At the end of analysis, the analysis results (i.e trusted, untrusted, neutral functions) are sent to the partitioning module which then creates 2 Java files: Trusted.java and Untrusted.java as well as other useful files (C/C++ headers, EDL files etc) to be used by the sgx module to build the final SGX applications. These Java files have the corresponding guest language functions exported as Java methods using the Polyglot API.

• The Java files are copied to substratevm and used to build two native images which will run inside (using Trusted.java) and outside the enclave (using Untrusted.java).

Running the tool

• To run the polytaint tool, use the runTaintTrack.sh script as such: ./runTaintTrack.sh <guestLanguage> <programFile> <imageType>.

• To partition a program on the other hand, we will run taint tracking with imageType = part. For example:

./runTaintTrack.sh js polyglot.js part

• The above command will analyse the program in polyglot.js with our polytaint instrumentation tool and determine which functions will be Trusted, Untrusted and Neutral. The result of this analysis is printed at the end of the analysis.
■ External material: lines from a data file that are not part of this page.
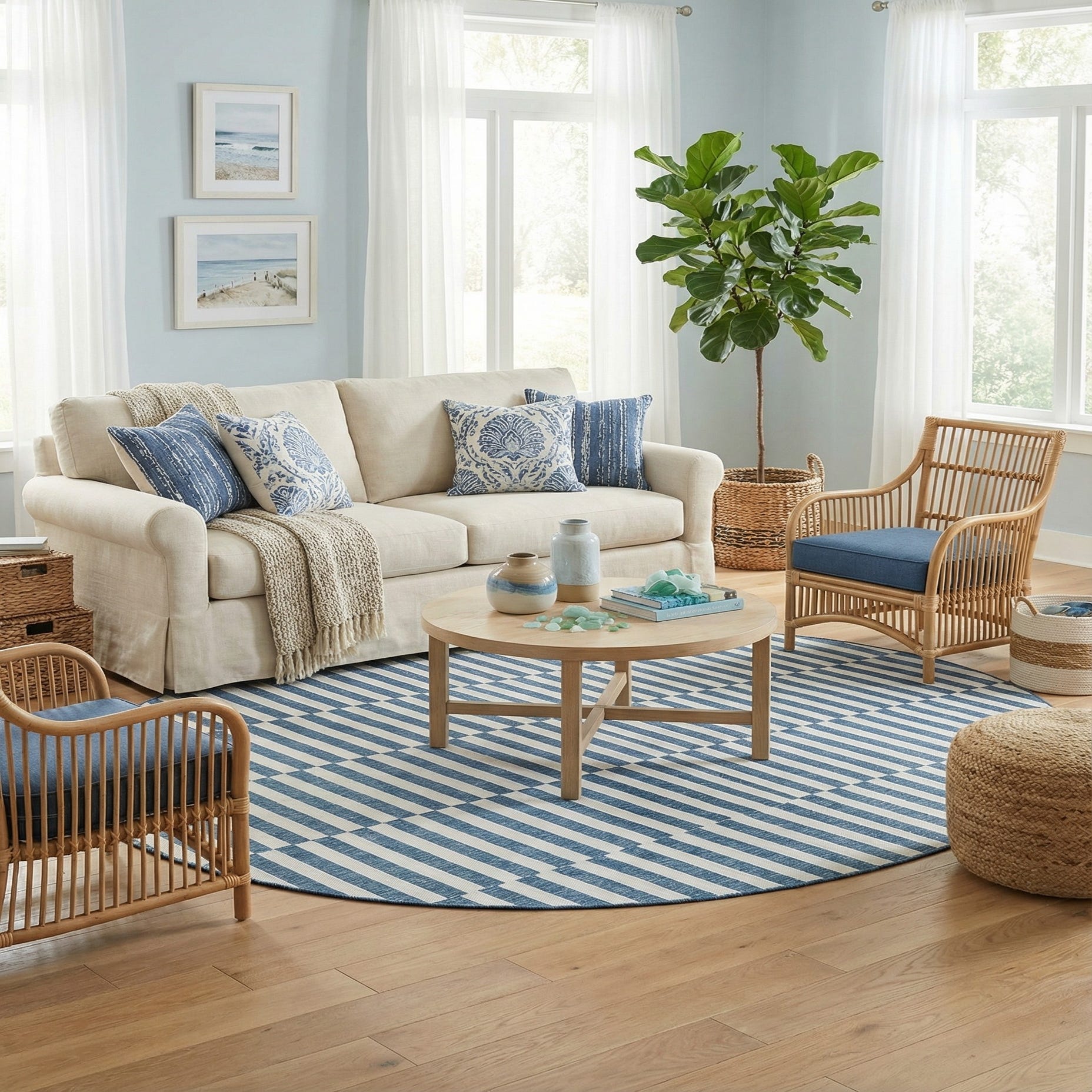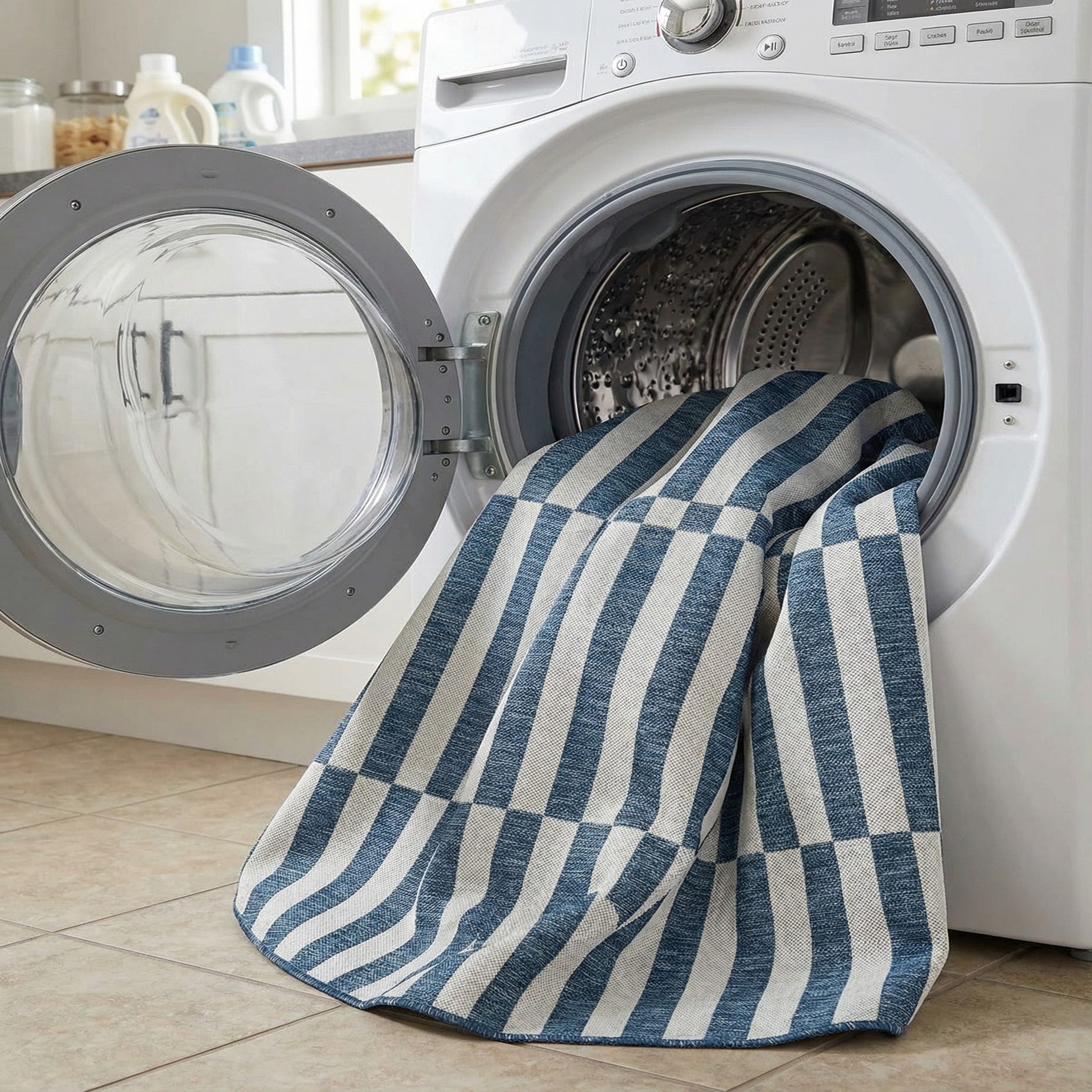 7' 10 x 7' 10 Washable Striped Indoor / Outdoor Round Rug
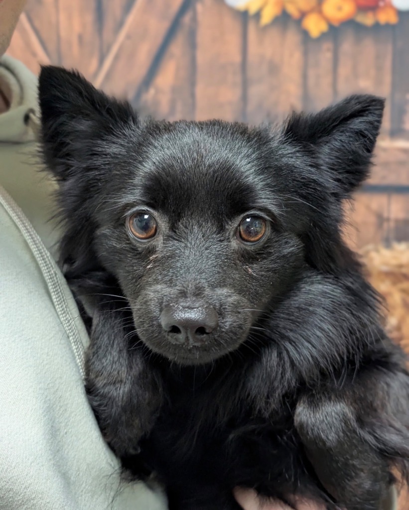 He is the biggest little fluffball in his crew and basically a pocket-sized black bear. This fuzzy guy is pure sweetness, and we know his future family will swoop him up soon!
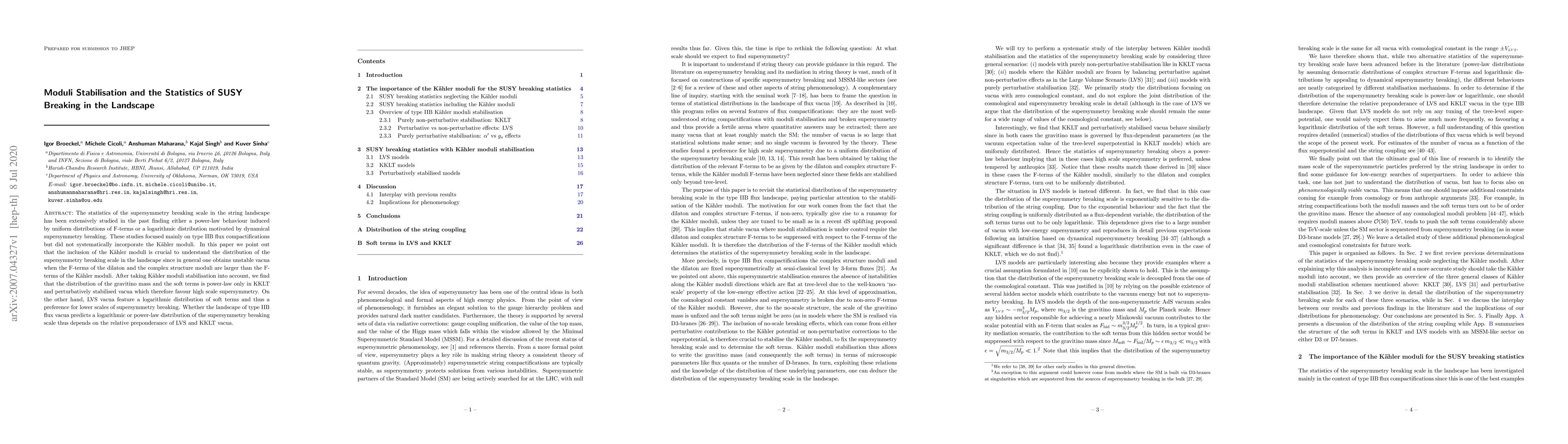This paper investigates the impact of stabilising Kähler moduli on the distribution of supersymmetry breaking scales in the string landscape, finding that while KKLT and perturbatively stabilised vacua favour a power-law distribution and high-scale supersymmetry, LVS vacua exhibit a logarithmic distribution, suggesting a preference for lower scales of supersymmetry breaking.
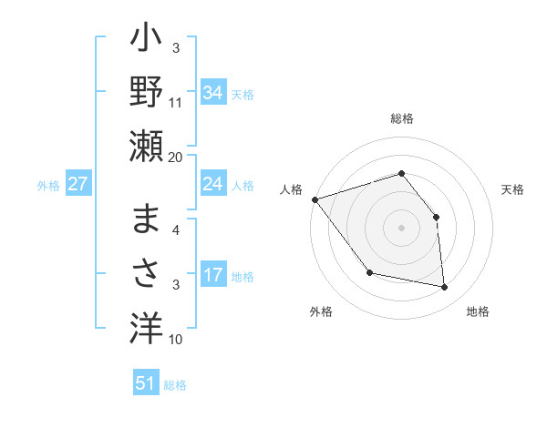 小野瀬 まさ洋さんを姓名の画数から五運を鑑定
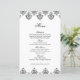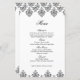 Black White Damask Arabesque Wedding Menu Card
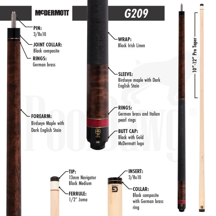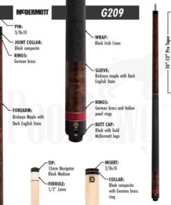 This model is elegant and simple in design, featuring stained Birdseye maple with red accent rings. The G-Core shaft is engineered using McDermott’s proprietary CT tenon technology which incorporates carbon fiber in between layers of wood to increase tensile strength and decrease game-killing deflection and vibration. The Navigator Black Medium tip that comes standard is designed for the perfect balance of structure and grip resulting in a long-playing tip that holds it’s shape without being too firm.
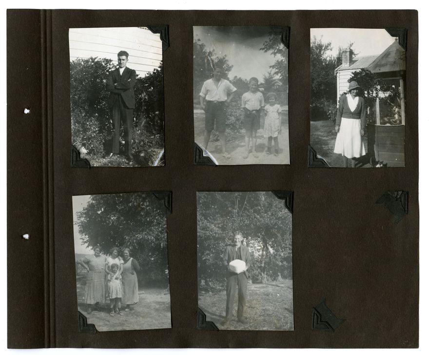 This 1930s photograph album belongs to the Barrow Family, of Palmerston North. Subjects include family members, pets, airplanes, the 1935 flood, cars and car crashes, the Esplanade Gardens and other local landmarks.
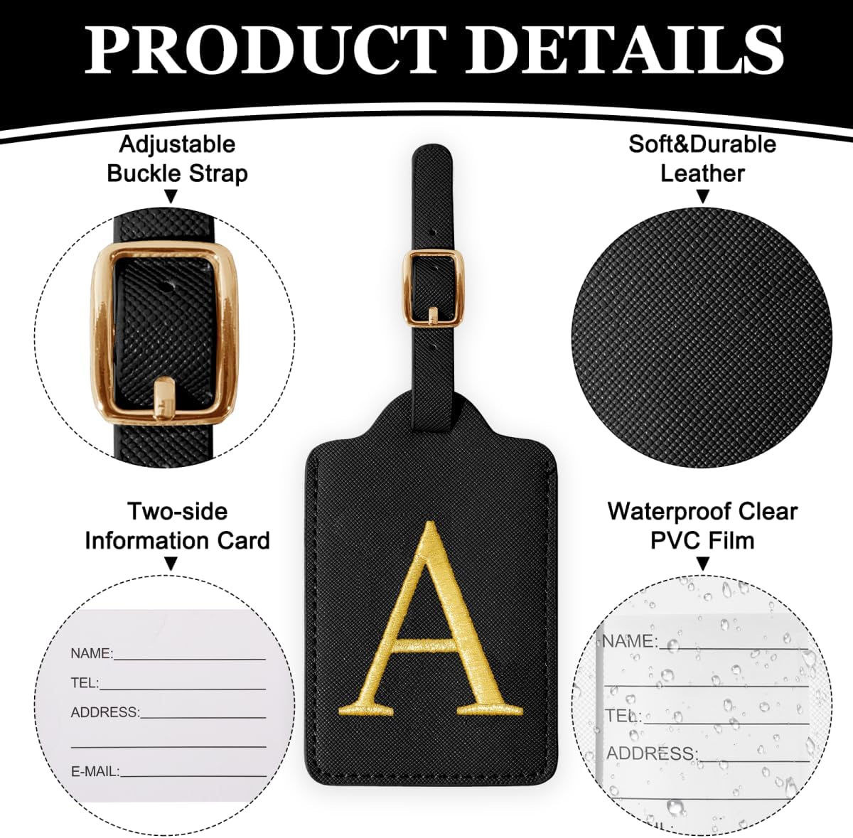 Security is paramount; that’s why these tags feature a smart privacy flap that conceals your contact details from prying eyes while keeping them easily accessible to airline staff if your luggage is misplaced. The reinforced metal buckle makes attachment and removal a breeze, fitting securely onto suitcases, backpacks, and carry-ons. Measuring 2.75″ x 4.40″ with an 8.42″ strap, the interior slot perfectly accommodates standard business cards or debit cards for your information. Whether for a honeymoon, bridal party favor, family vacation, or business trip, these monogrammed tags make the perfect gift for men, women, and teens who love to travel.
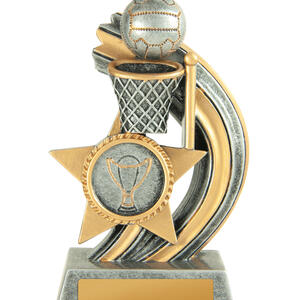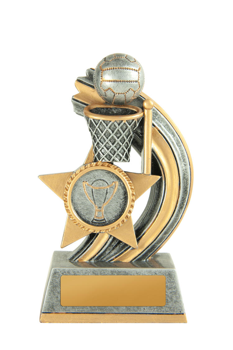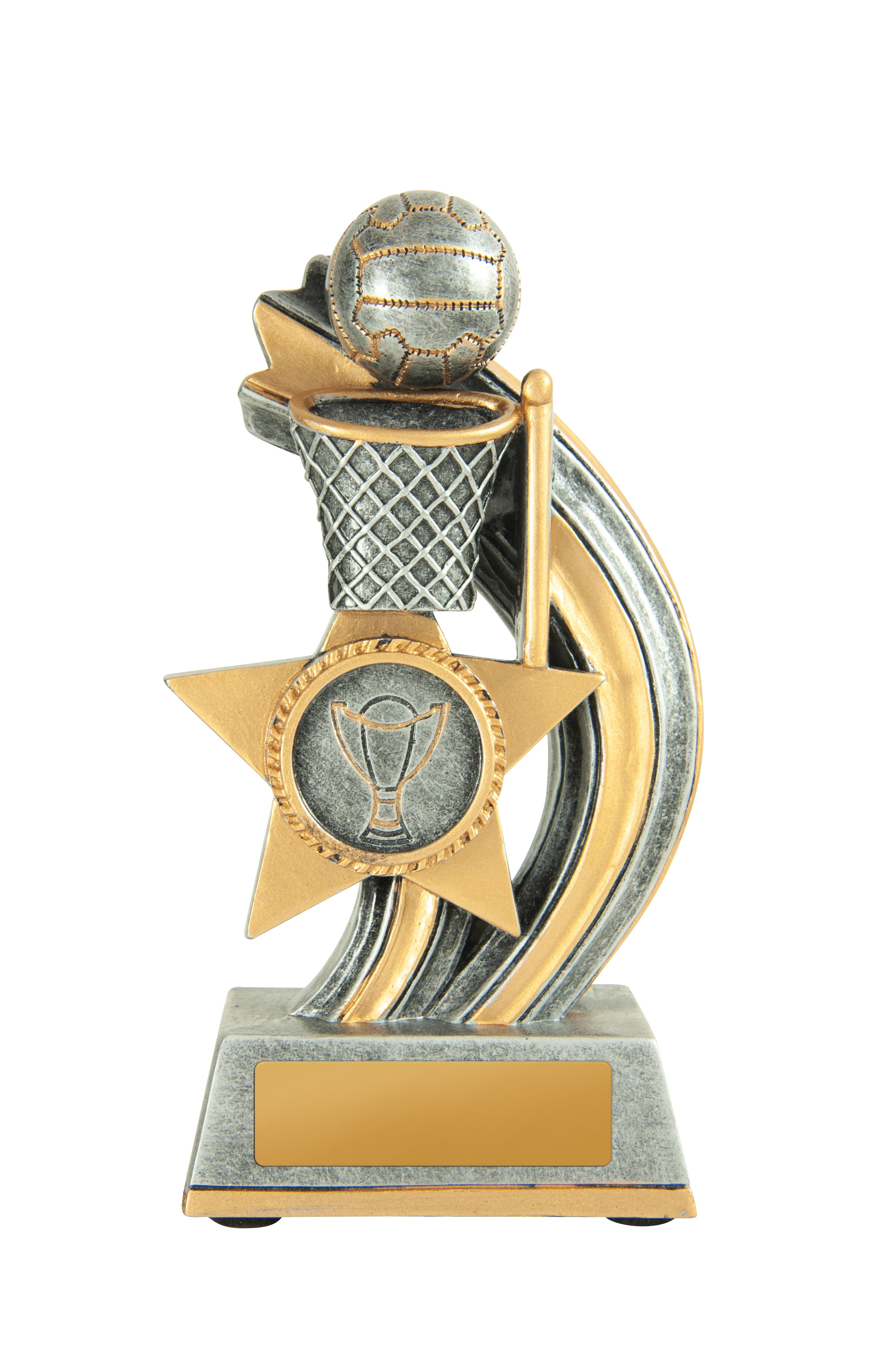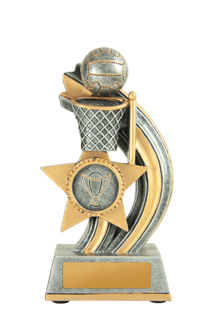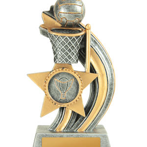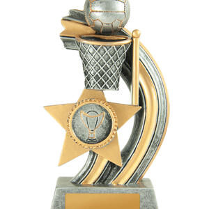 This contemporary trophy stands out in the world of netball trophies with its dynamic curved base and striking 3D star design. The combination of antique silver and gold tones, along with a detailed netball and net motif, creates an elegant tribute to achievement.
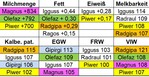Radraul schließt den Reigen. Er ist der klassische Doppelnutzungsbulle mit 100 MW und 109 FW. Die Melkbarkeit ist mit 107 (-1) als gut zu bezeichnen, aber sein Geburtsverlauf liegt mit 85 (+1) unterm Schnitt und er sollte nicht auf Rinder verwendet werden. In der Töchterbewertung ist Radraul in Bemuskelung, Fundament und Euter dreistellig. Im GZW liegt er bei 102.

The two Java programs are then created as described above and the files are copied to substratevm in the graal folder. Other files are also created as already explained and moved to the appropriate module.

• To build the partitioned native image, move to the graal folder and run the script: ./build_polytaint_images.sh. This will build two relocatable .o images corresponding to Trusted.java native image and Untrusted.java native image. These object files are moved to the sgx-module in the sgx folder.

• To build the corresponding SGX application, move to the sgx folder and run make clean && make. Run the program with ./app.

• To run a the program in polyglot.js entirely inside the enclave, we don't need to partition the program. So we use the command:

./runTaintTrack.sh js polyglot.js full

• This will skip taint analysis and just create a single Java application with the JavaScript program embedded. To build the corresponding native image move into the graal folder and run: ./build_full_poly_image.sh. A native image relocatable file main.o will be created and moved to the sgx module.
• Similarly, to build the corresponding SGX application, move to the sgx folder and run make clean && make. Run the program with ./app.

MISC information

• The partitioning tool uses regular expressions parse out function defitions. For JS code, this is more or less feasible. However for Python source code, it is very difficult to extract the function body with a regex. To simplify the process, we introduce a magic string: func_end=1 at the end of python function definitions. This is a correct python expression but we are not interested in its result. It simply makes things easier for us when parsing out function definitions. This expression will be removed in the final partitioned program.

Possible bugs

• If you install a language locally with gu and use the -f (force) option to prevent version checks, this may lead to the polyglot API not detecting the language in the list of languages even though gu list lists the language as installed. This is a weird issue that I'm yet to understand. Nonetheless all works correctly when the language (e.g secureL) is installed with: gu install -L secL-component.jar.